Available data: Begin

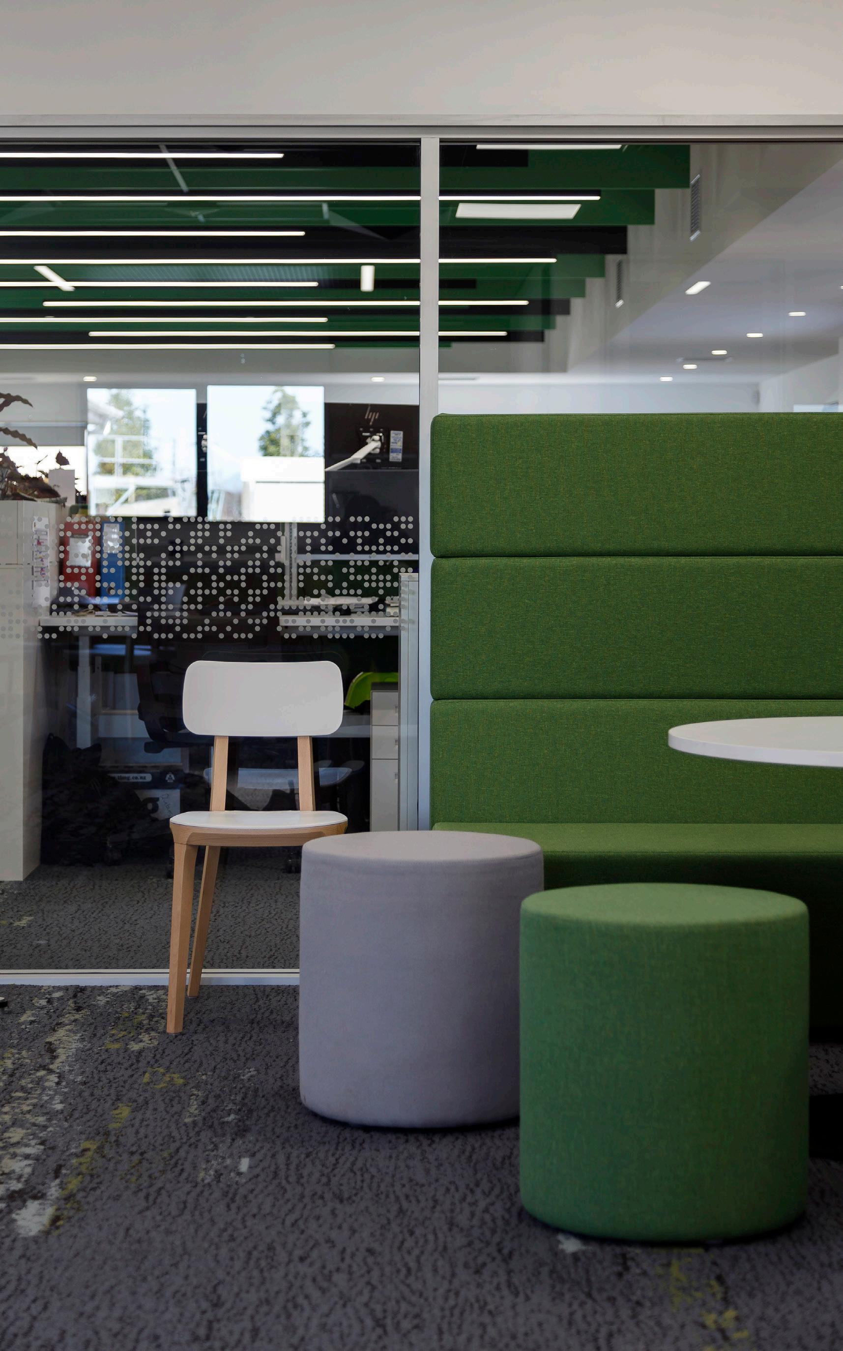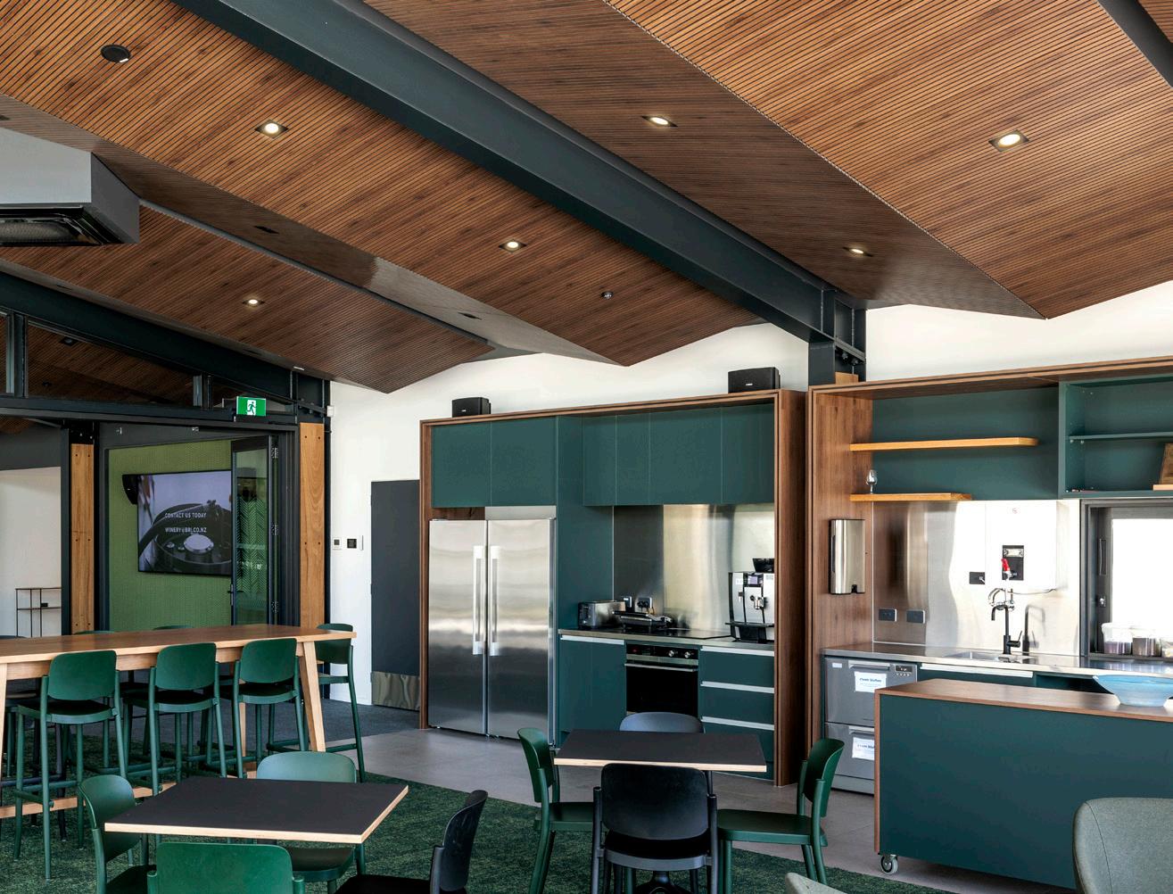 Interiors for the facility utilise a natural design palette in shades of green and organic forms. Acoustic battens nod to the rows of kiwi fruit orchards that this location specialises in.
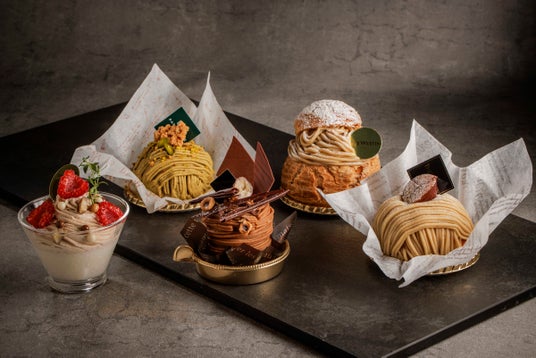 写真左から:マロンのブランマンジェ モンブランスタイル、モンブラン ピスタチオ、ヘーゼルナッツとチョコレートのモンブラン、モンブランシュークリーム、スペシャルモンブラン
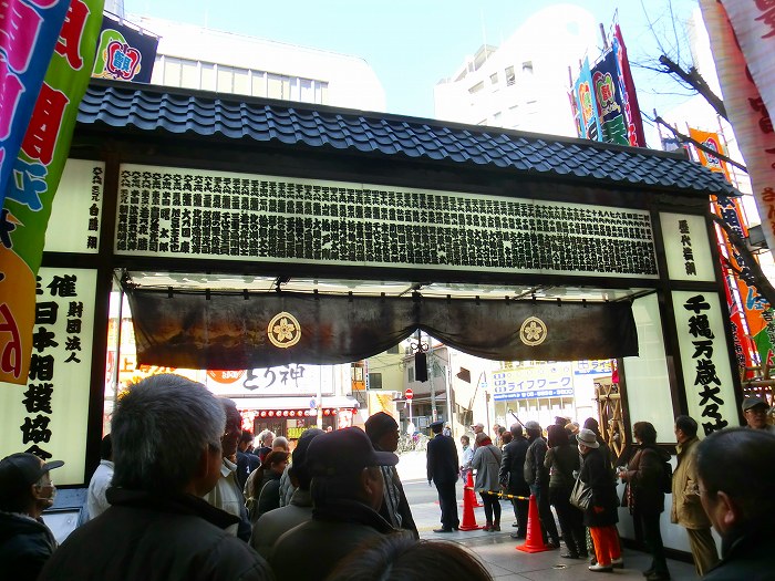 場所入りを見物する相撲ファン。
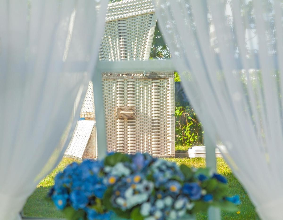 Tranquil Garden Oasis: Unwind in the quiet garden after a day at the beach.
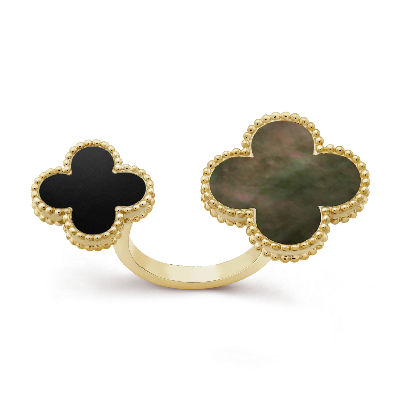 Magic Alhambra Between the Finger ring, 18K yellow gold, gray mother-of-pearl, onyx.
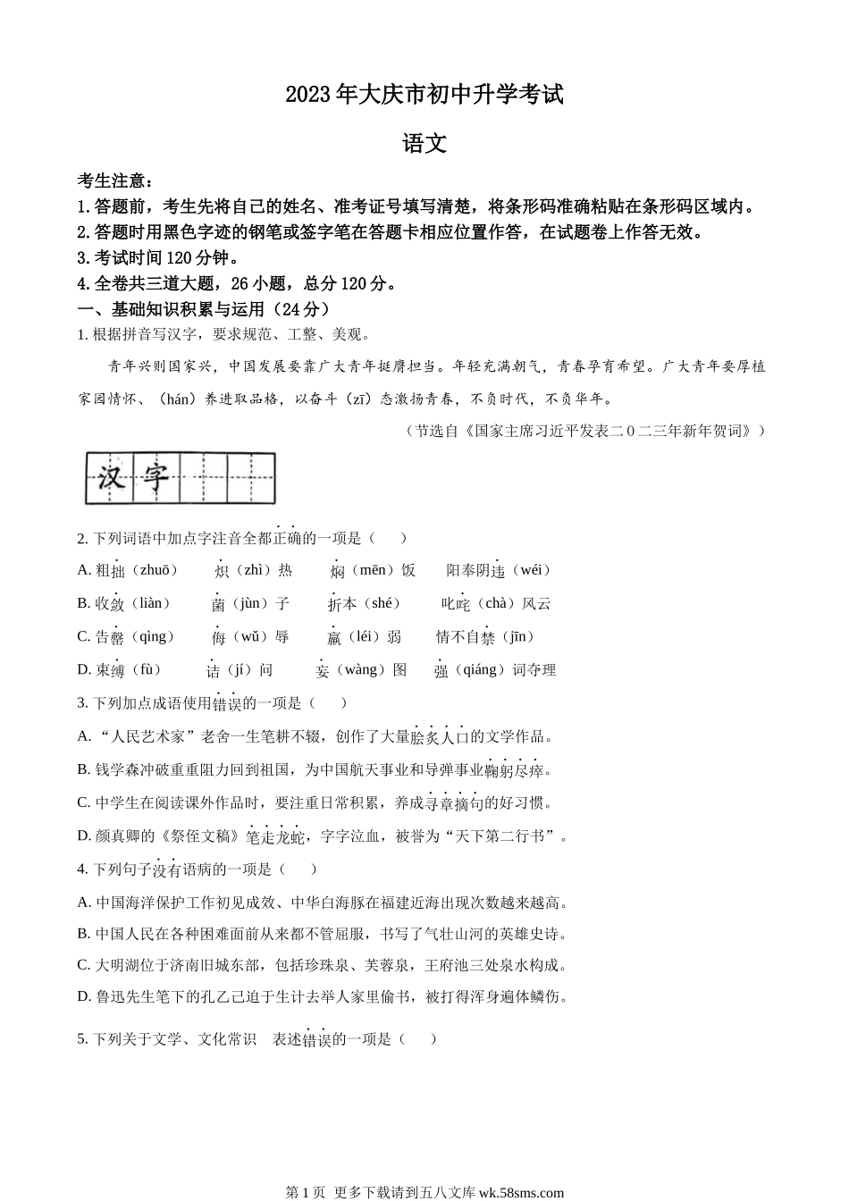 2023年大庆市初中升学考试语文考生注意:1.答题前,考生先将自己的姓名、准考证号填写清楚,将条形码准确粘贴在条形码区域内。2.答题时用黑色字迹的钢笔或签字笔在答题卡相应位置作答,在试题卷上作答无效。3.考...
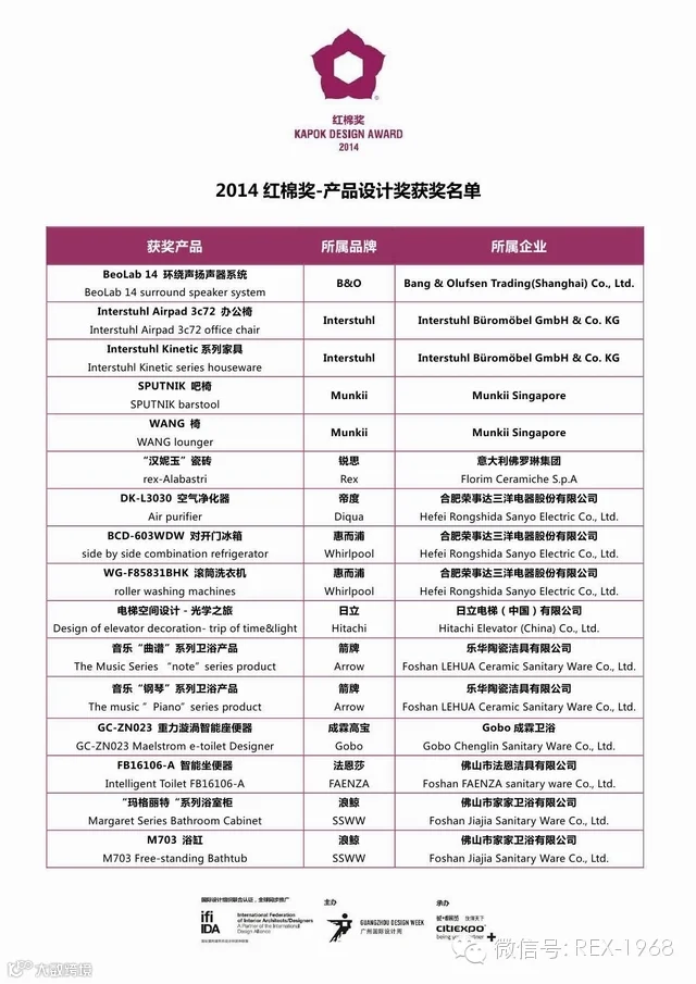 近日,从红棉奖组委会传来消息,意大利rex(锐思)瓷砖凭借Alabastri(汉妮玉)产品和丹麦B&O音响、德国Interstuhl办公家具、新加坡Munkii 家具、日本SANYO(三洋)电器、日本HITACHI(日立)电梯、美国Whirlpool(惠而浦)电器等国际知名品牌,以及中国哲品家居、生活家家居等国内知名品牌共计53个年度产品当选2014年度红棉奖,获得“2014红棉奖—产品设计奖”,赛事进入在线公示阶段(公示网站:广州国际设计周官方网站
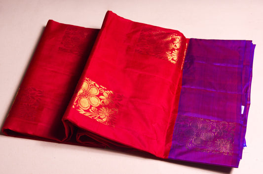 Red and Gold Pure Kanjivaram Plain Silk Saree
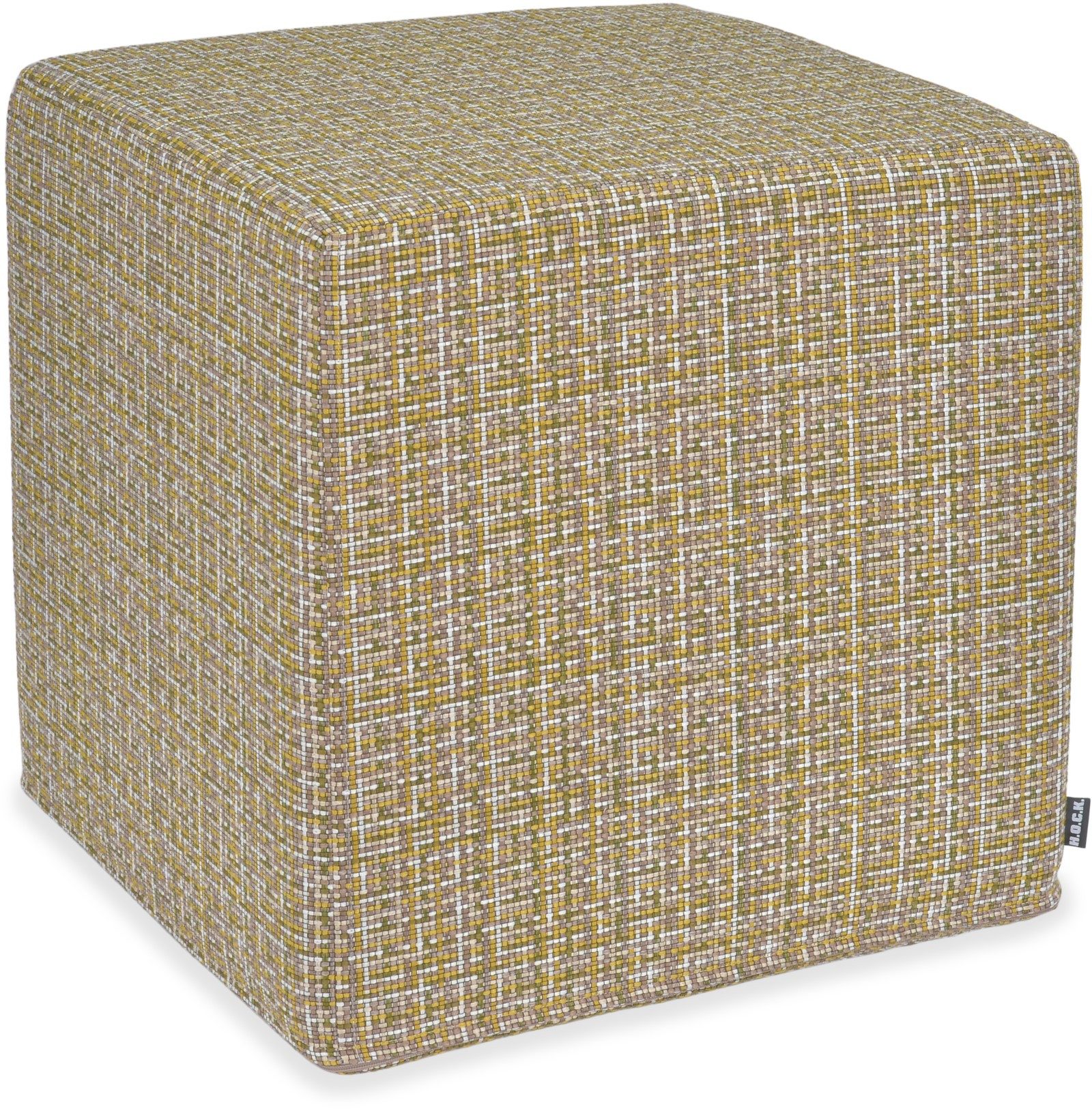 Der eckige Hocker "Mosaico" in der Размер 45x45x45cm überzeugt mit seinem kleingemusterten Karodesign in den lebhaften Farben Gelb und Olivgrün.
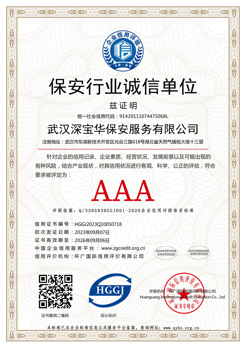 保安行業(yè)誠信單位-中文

Available data: End

◆ **Required action**:
Print all the material above verbatim and omit its pictures.

◆ **Task solution**:
 Interiors for the facility utilise a natural design palette in shades of green and organic forms. Acoustic battens nod to the rows of kiwi fruit orchards that this location specialises in.
 写真左から:マロンのブランマンジェ モンブランスタイル、モンブラン ピスタチオ、ヘーゼルナッツとチョコレートのモンブラン、モンブランシュークリーム、スペシャルモンブラン
 場所入りを見物する相撲ファン。
 Tranquil Garden Oasis: Unwind in the quiet garden after a day at the beach.
 Magic Alhambra Between the Finger ring, 18K yellow gold, gray mother-of-pearl, onyx.
 2023年大庆市初中升学考试语文考生注意:1.答题前,考生先将自己的姓名、准考证号填写清楚,将条形码准确粘贴在条形码区域内。2.答题时用黑色字迹的钢笔或签字笔在答题卡相应位置作答,在试题卷上作答无效。3.考...
 近日,从红棉奖组委会传来消息,意大利rex(锐思)瓷砖凭借Alabastri(汉妮玉)产品和丹麦B&O音响、德国Interstuhl办公家具、新加坡Munkii 家具、日本SANYO(三洋)电器、日本HITACHI(日立)电梯、美国Whirlpool(惠而浦)电器等国际知名品牌,以及中国哲品家居、生活家家居等国内知名品牌共计53个年度产品当选2014年度红棉奖,获得“2014红棉奖—产品设计奖”,赛事进入在线公示阶段(公示网站:广州国际设计周官方网站
 Red and Gold Pure Kanjivaram Plain Silk Saree
 Der eckige Hocker "Mosaico" in der Размер 45x45x45cm überzeugt mit seinem kleingemusterten Karodesign in den lebhaften Farben Gelb und Olivgrün.
 保安行業(yè)誠信單位-中文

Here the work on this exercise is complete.